_WORK TO COMPLETE_
Among the entries that follow, locate the line with "一位工人正在焊接出口美國(guó)的拖車(chē)部件。" and the line with "13. Прочитайте. Подберите". Output those lines and all lines in between, exactly, minus the pictures.

_MATERIAL TO PROCESS_
———
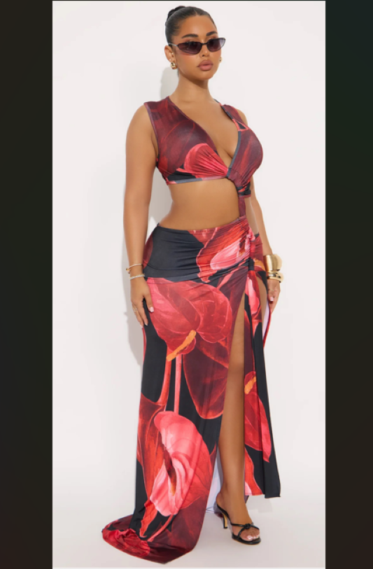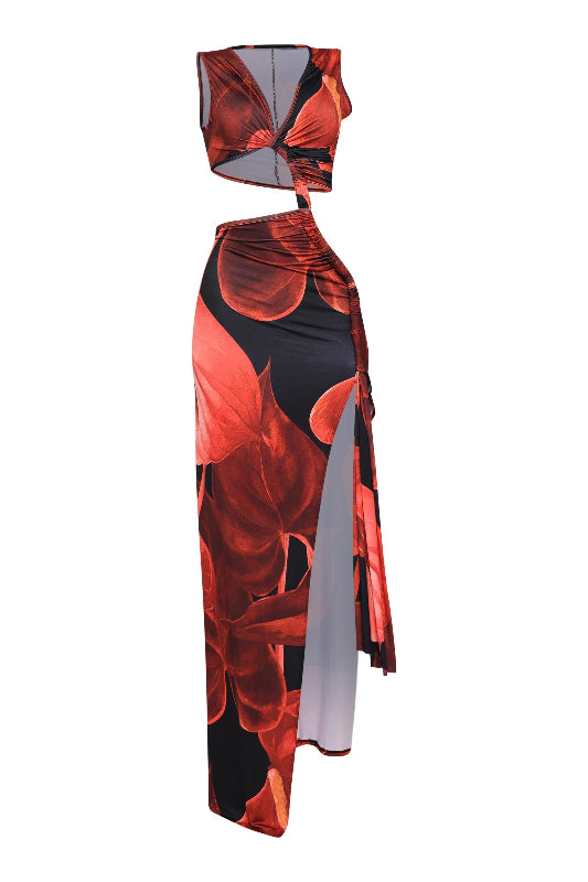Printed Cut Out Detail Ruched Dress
———
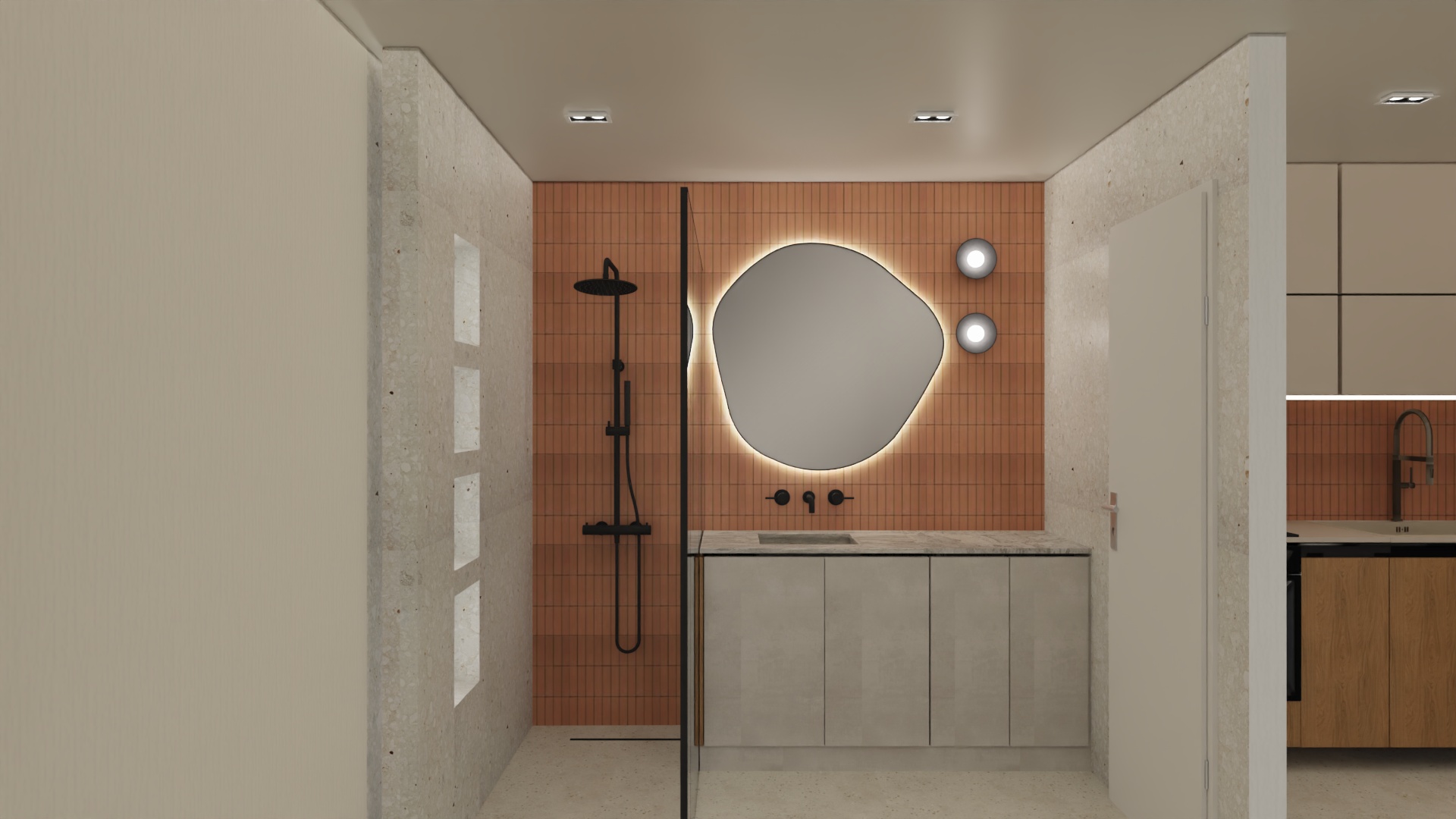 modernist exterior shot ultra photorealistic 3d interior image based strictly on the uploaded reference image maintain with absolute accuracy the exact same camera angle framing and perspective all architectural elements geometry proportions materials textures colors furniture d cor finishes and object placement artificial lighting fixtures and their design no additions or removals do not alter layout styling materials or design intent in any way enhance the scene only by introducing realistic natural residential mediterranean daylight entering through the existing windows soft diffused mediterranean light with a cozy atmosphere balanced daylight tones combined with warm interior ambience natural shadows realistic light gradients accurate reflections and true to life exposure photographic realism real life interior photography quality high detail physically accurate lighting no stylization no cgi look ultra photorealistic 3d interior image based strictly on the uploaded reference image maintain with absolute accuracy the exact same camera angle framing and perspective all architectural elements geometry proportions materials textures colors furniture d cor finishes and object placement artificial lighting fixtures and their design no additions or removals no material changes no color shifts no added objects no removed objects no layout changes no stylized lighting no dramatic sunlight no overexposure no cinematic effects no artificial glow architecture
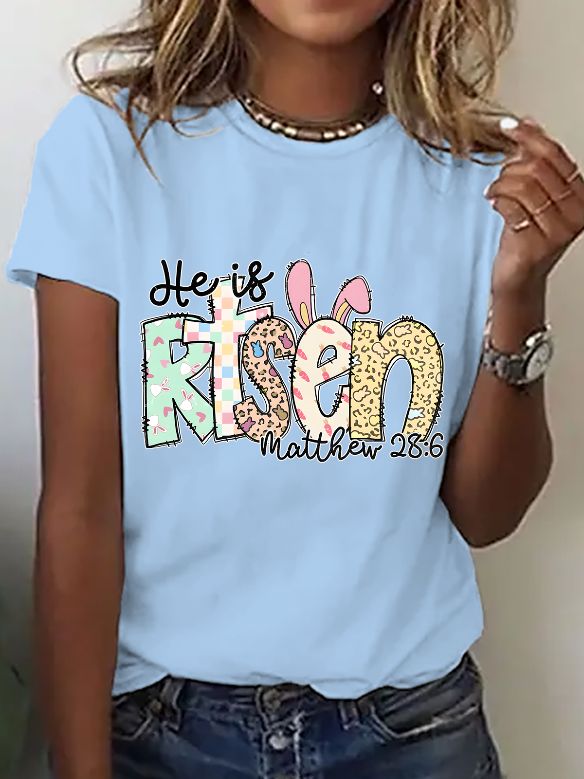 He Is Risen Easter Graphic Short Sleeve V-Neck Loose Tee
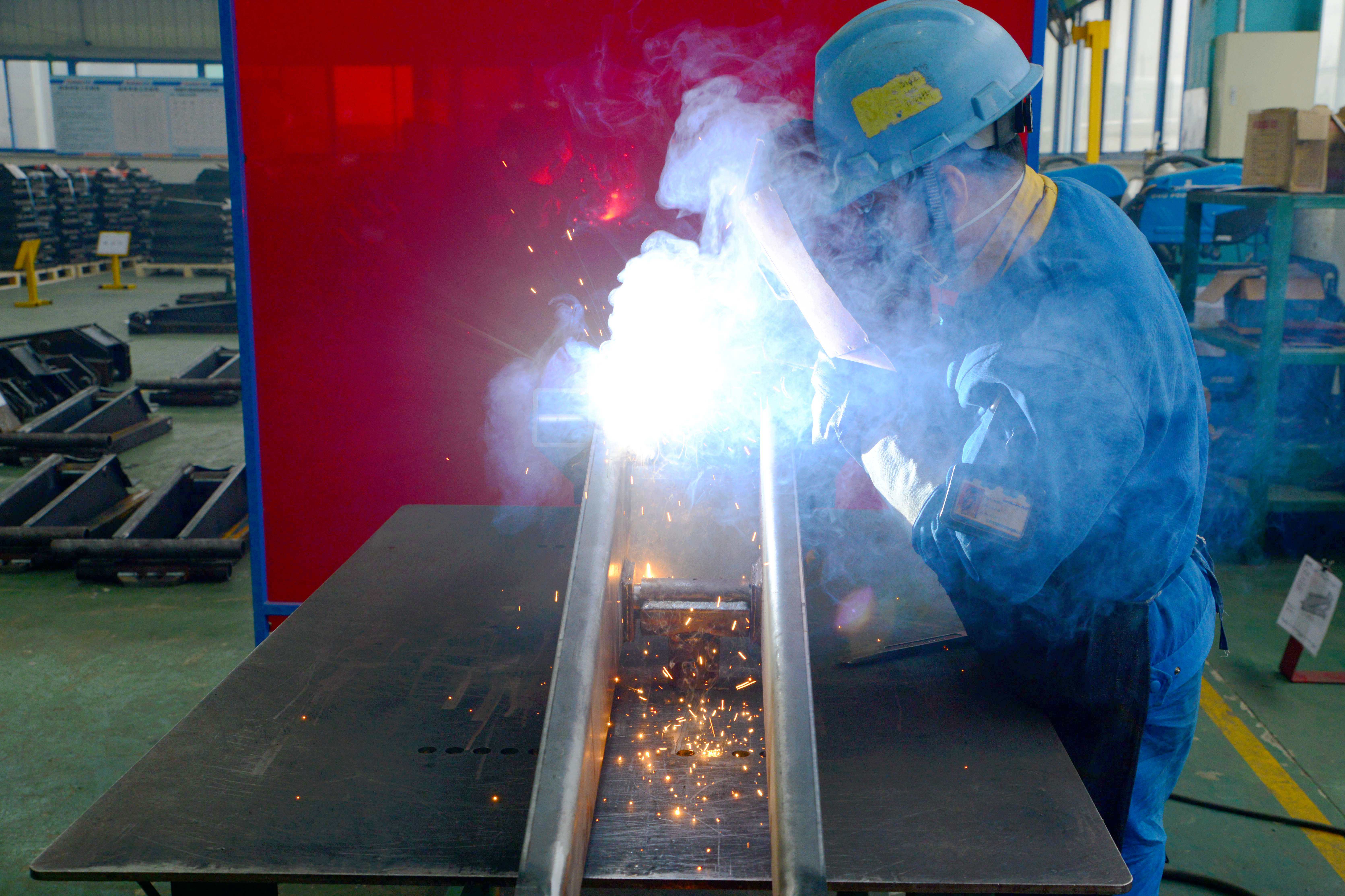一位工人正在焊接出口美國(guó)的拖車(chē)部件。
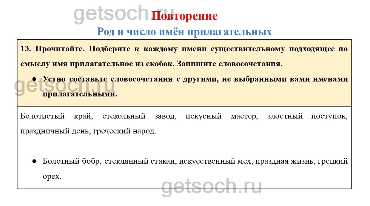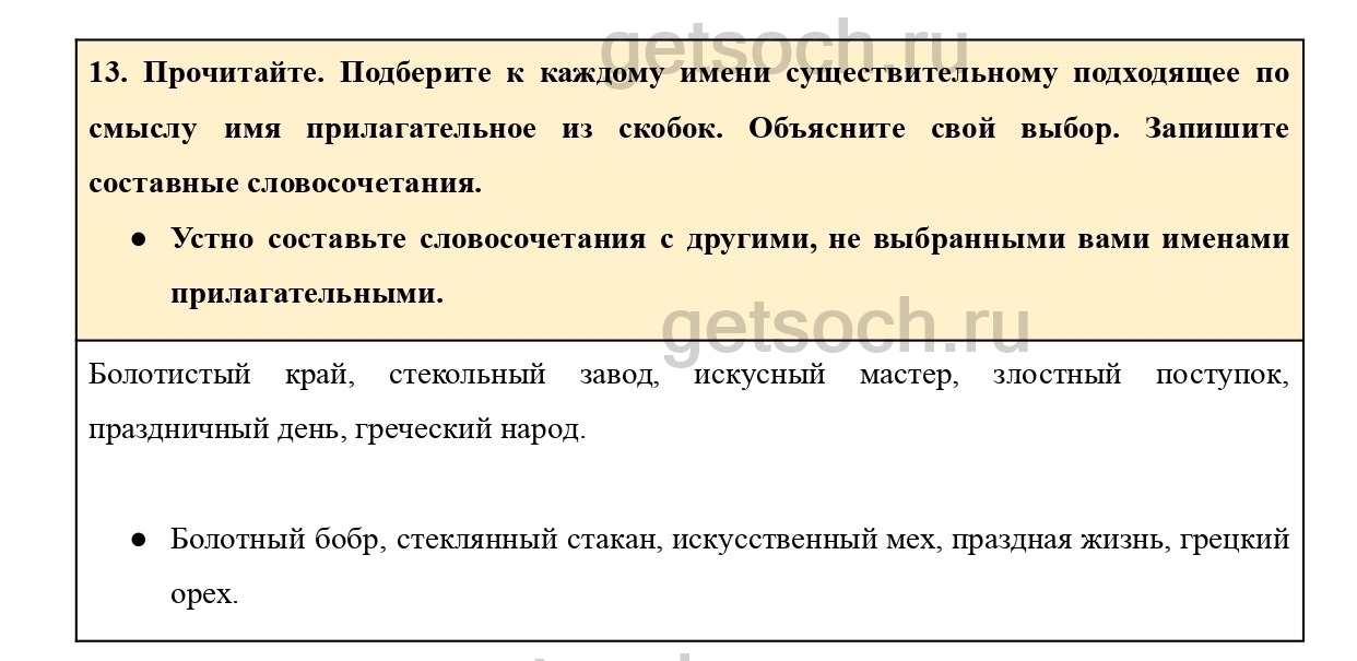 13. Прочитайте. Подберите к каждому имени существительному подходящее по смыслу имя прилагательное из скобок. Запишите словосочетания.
———
_TASK OUTPUT_
一位工人正在焊接出口美國(guó)的拖車(chē)部件。
 13. Прочитайте. Подберите к каждому имени существительному подходящее по смыслу имя прилагательное из скобок. Запишите словосочетания.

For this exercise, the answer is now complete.